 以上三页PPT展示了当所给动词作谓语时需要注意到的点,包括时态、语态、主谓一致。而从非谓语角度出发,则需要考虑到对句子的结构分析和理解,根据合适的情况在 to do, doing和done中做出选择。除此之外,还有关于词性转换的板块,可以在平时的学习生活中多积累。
☆ ☆ ☆ ☆ ☆ ☆ ☆
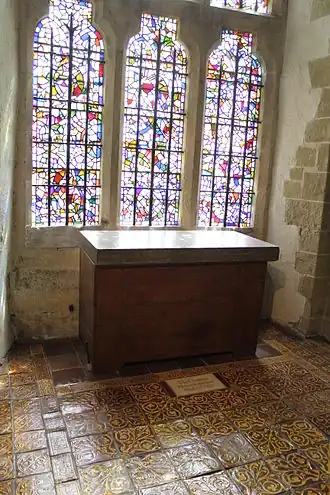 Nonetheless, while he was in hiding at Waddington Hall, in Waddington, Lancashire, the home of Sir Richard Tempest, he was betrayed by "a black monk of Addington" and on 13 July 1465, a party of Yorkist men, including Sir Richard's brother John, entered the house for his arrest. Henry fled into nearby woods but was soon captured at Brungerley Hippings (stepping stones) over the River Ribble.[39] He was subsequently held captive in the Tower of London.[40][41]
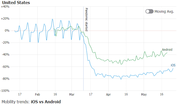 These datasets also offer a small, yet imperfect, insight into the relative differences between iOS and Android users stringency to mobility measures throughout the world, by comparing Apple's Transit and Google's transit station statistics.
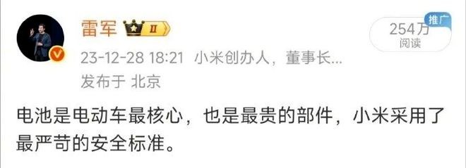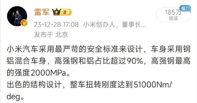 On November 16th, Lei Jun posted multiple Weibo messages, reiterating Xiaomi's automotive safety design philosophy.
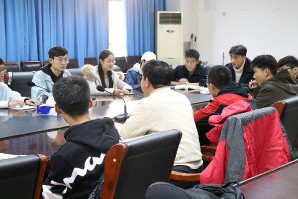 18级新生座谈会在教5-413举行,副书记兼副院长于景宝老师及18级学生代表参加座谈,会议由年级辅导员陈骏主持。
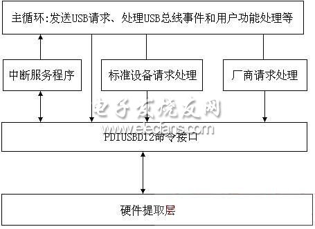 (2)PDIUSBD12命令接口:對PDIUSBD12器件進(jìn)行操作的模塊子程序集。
☆ ☆ ☆ ☆ ☆ ☆ ☆
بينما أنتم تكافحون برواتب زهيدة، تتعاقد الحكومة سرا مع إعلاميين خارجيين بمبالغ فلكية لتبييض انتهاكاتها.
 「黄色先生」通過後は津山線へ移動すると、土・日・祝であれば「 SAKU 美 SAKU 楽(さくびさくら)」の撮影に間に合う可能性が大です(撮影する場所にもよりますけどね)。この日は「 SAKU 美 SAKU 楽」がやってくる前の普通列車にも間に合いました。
☆ ☆ ☆ ☆ ☆ ☆ ☆
- Work required
Return the lines above from the one with "18级新生座谈会在教5-41" through the one with "(2)PDIUSBD12命令", verbatim and nothing else. Omit every picture.

- Solved exercise
 18级新生座谈会在教5-413举行,副书记兼副院长于景宝老师及18级学生代表参加座谈,会议由年级辅导员陈骏主持。
 (2)PDIUSBD12命令接口:對PDIUSBD12器件進(jìn)行操作的模塊子程序集。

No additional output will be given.